Mikey wrinkled his nose. "But you can see me."
"I always could," Frank pointed out. He looked at Ray. "But you couldn't."
Ray's eyes went big and round. He looked at Mikey over the top of his cup of vile-smelling tea. "I saw you," he said in a troubled voice. "I saw you from underneath the water, after I couldn't hold on anymore."
"Gerard said they had to give you CPR," Frank went on. "Maybe you technically were dead, or dying, and that's when you could see Mikey again."
Frank put the book down and started digging through the pile for another one - he knew this, he knew this, he hadn't forced himself to read Gerard's mind-numbingly boring books for nothing. "Aha!" he said triumphantly, when he found what he was looking for. "Remember that night in my apartment, and Gerard said your Saint had that magic floating cloak, or whatever?"
"But he didn't drown," Ray said.
"But he could have," Frank insisted. "He didn't because God didn't allow it."
"Okay," said Bob, "But that doesn't explain why I turned pyro. I don't remember any mention of Saint Robert doing that."
Frank chewed his lip. "But there are like a hundred Saint Roberts. We wouldn't know even if there was."
"Uh," said Mikey, raising his hand.
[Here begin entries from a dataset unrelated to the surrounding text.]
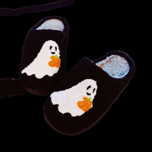 Spooky Ghost Cozy Slippers – Soft Black Slippers With Cute Ghost and Pumpkin
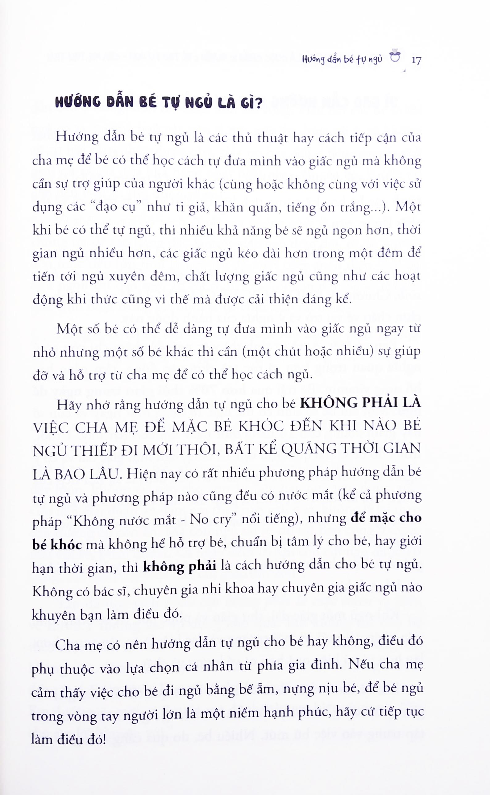 Em bé tự ngủ là một trong những chủ đề nhạy cảm mà bấy lâu nay tuy được áp dụng rất phổ biến tại phương tây nhưng còn khá xa lạ với các bậc cha mẹ Việt. Em bé tự ngủ hầu như là không thể trong quan niệm của cha mẹ Việt, nhưng một thực tế ngày càng đƣợc hình thành và khẳng định rằng một khi những em bé biết tự ngủ, ngủ tự lập mà không cần sự hỗ trợ (ti mẹ, ru ẵm…) có nhiều cơ hội hơn để ngủ đủ theo nhu cầu của m.ình.
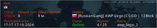 Играет на Counter Strike Global Offensive сервере. Страна: РоссияПервый раз замечен 13:45 17.10.2024
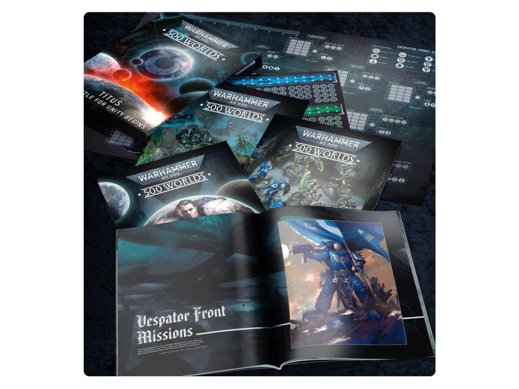 – 500 Worlds: Titus – War on the Vespator Front – A 56-page softcover book offering a narrative campaign of the over-arching conflict, giving every gamer a chance to stake their claim, along with six new missions to try.
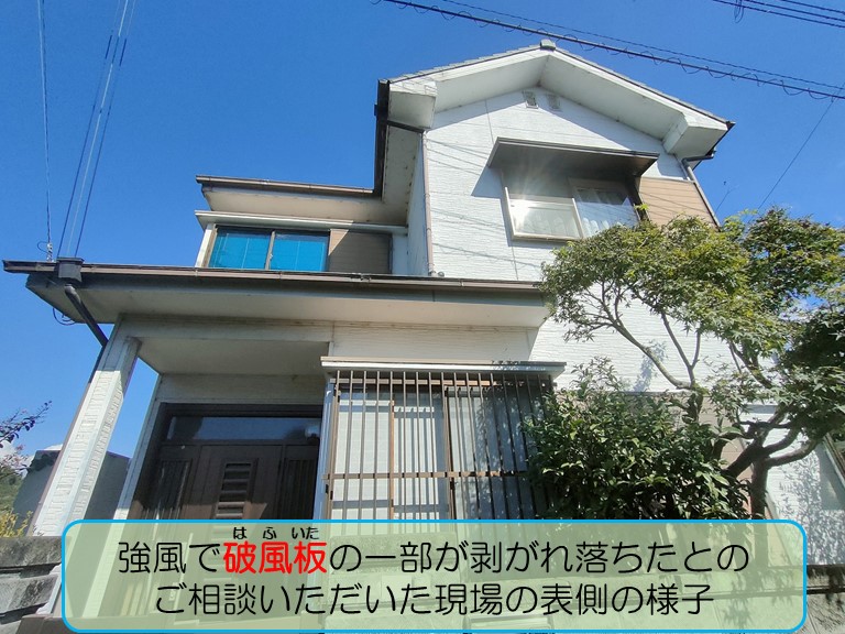こんにちは☼街の屋根やさん岸和田店です。熊取町のT様邸より「強風の影響で🌀破風板(はふいた)の一部が剥がれ落ち、破片が地面に落ちた」とのご相談をいただきましたので、現場調査にお伺いしてきました🚘破風板とは?破風板とは、屋根の三角の部分に山形に取り付けられた板の事で、風や雨の吹込 ...続きを読む2025/10/9 熊取町で強風の影響によりケイカル板の破風板が一部剥がれ落ちた
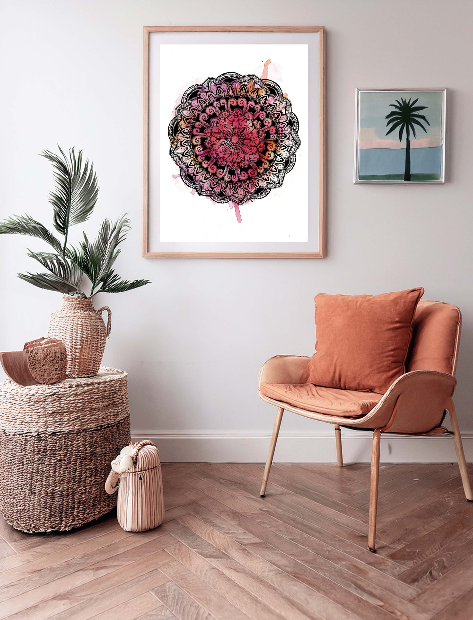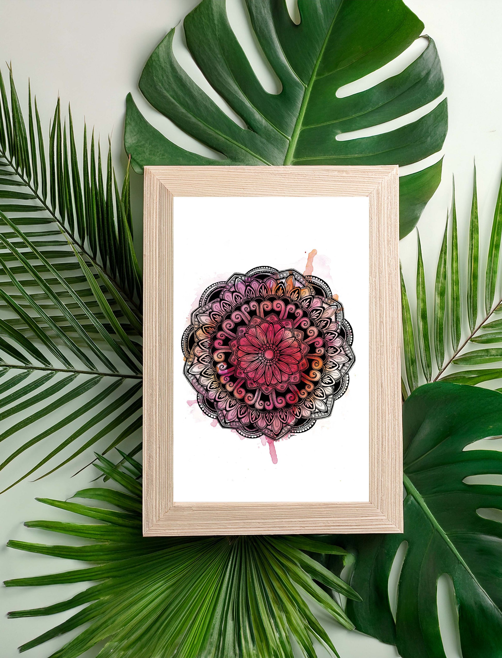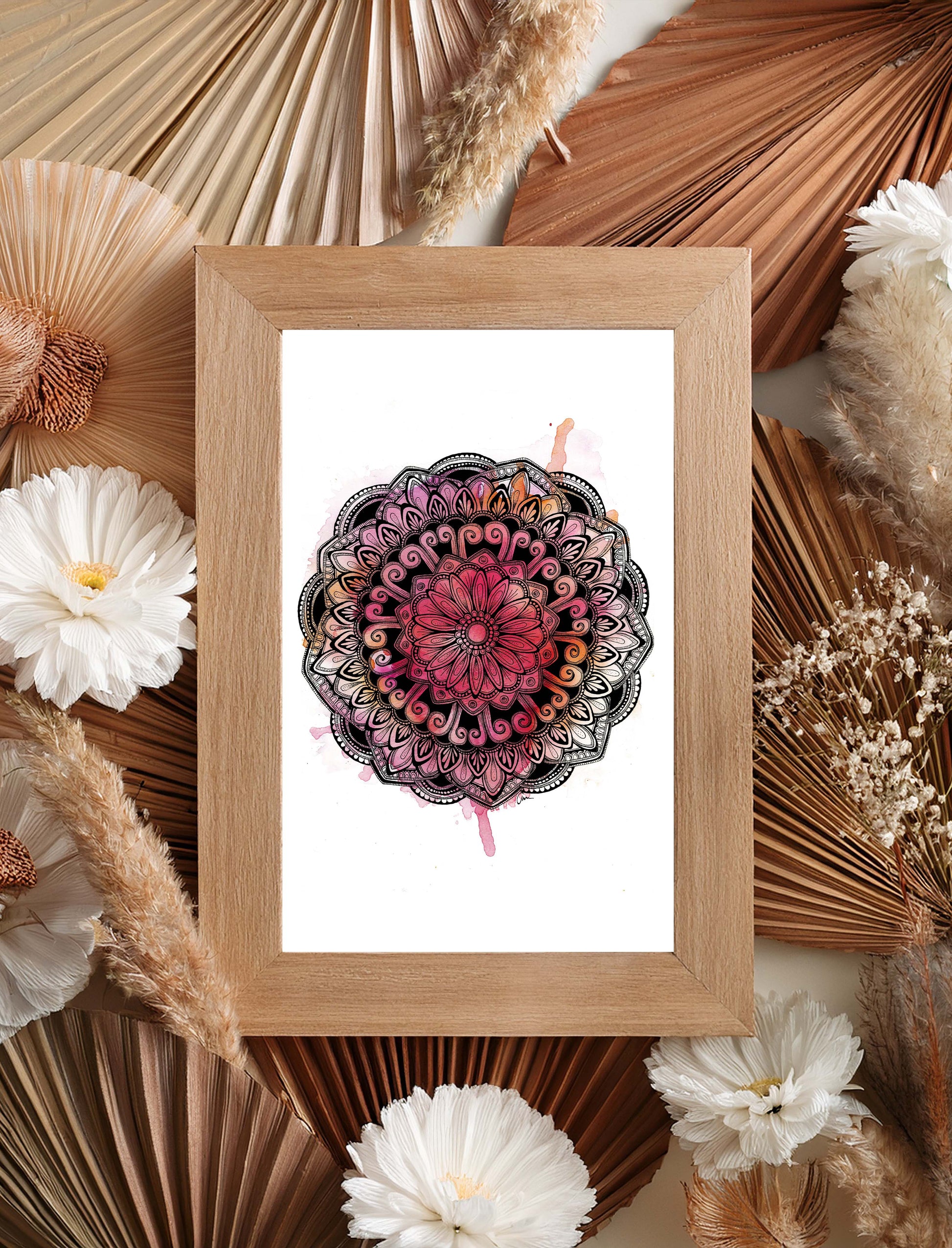 Inspired by traditional geometric mandalas, artist Aimee uses this art as a meditation practice. This vibrant yet warming piece features watercolour wash backgrounds in rich pink hues, creating a harmonious blend of colour and mindful detail.
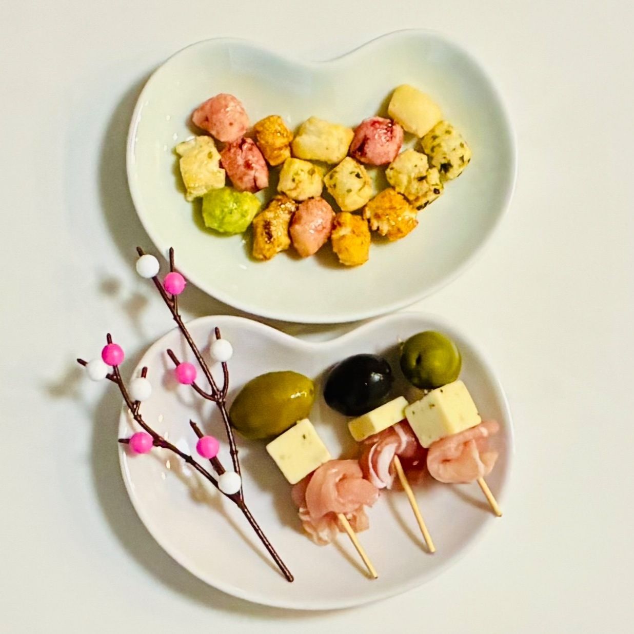 普段使いのおつまみたちですが、今日は可愛くセッティングして気分を上げてもらいましょう。

He was looking in the book Frank had cast aside. "'Saint Robert of Newminster often visited his friend, the hermit Saint Godric,'" he read. "'The night Robert died, Godric described seeing his soul ascending to Heaven in a ball of fire.'"
Bob looked at him flatly. "Awesome," he said, then jerked a thumb in Frank's direction. "And we already know what happened to Death By Papercuts over here."
"Good thing Brian doesn't have a Saint," Ray said earnestly.
"Yeah, just that Blessed guy, right?" Bob took the book from Mikey. "Here it is. Brian Lacey: English, secretly friends with a priest, betrayed by his own brother, and he was..." Bob trailed off, then dropped the book on the table and ran for the door.
Frank lunged over the table and grabbed the book. "Martyred," he finished, looking up at Mikey and Ray. "Brian Lacey was hanged."